The author of "Rush Limbaugh Is a Big Fat Idiot" has been refining his stand up routine in the Senate after some early rough sets.
After arriving in the Senate in July after a bitterly contested recount, the former "Saturday Night Live" satirist immediately set out to prove that he was no court jester. He pursued Hillary Clinton's expectations-defying model of bipartisan workhorse and convincingly assumed the role of diligent policy wonk.
But by so effectively suppressing the punch lines, Franken exposed an irascible, sometimes nasty side of his personality. In a chamber where goodwill helps a freshman rack up legislative achievements, that can be just as damaging.

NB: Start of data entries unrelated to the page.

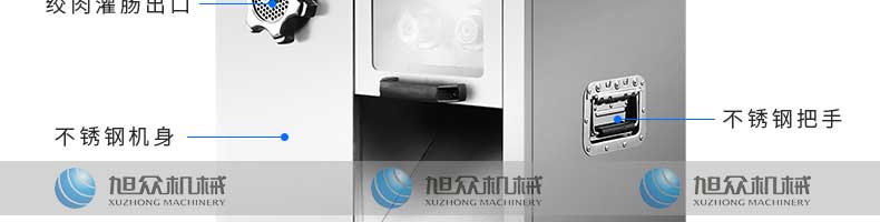 XZ-7絞切機(jī),多功能一體機(jī),切肉絞肉/灌腸/切菜。加厚不銹鋼優(yōu)質(zhì)機(jī)身堅固耐用,不易生銹,安全衛(wèi)生易清洗。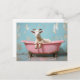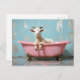 Ein skurriles Gemälde mit einer weißen Ziege, in einer Vintag rosa Badewanne entspannende Hörner, Set an einer hellblauen Wand für eine charmante und spielerische rustikale Szene.
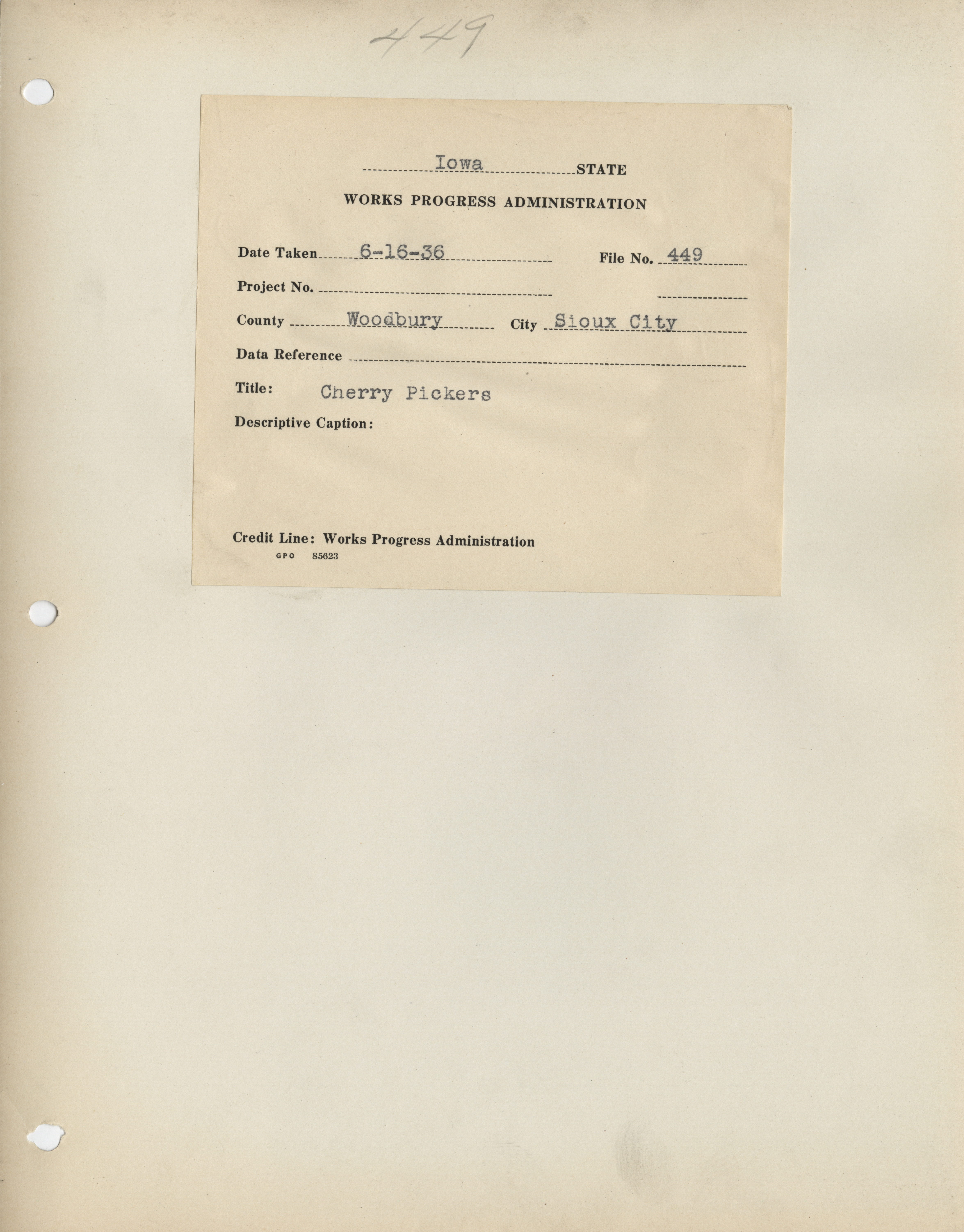 - "Photograph of people picking cherries in Sioux City", Work Projects Administration (Iowa) Photographs, Iowa State University Library Digital Collections

Without humor to soften his acute observations, Franken's naked sarcasm, short fuse and sense of showmanship ran amok, leading to public blowups with Republicans, private grievances among Democrats and attacks on senior Obama administration officials. Several sources at a private meeting last month said they heard Franken tell White House senior adviser David Axelrod that the president should apologize for his stupid campaign promise to televise health-care discussions.
Now some colleagues and Senate analysts are noticing flashes of the old Franken humor -- tempered to suit a stodgier audience -- as the Democratic junior senator from Minnesota seeks to find the appropriate balance between humorist and humorless scold.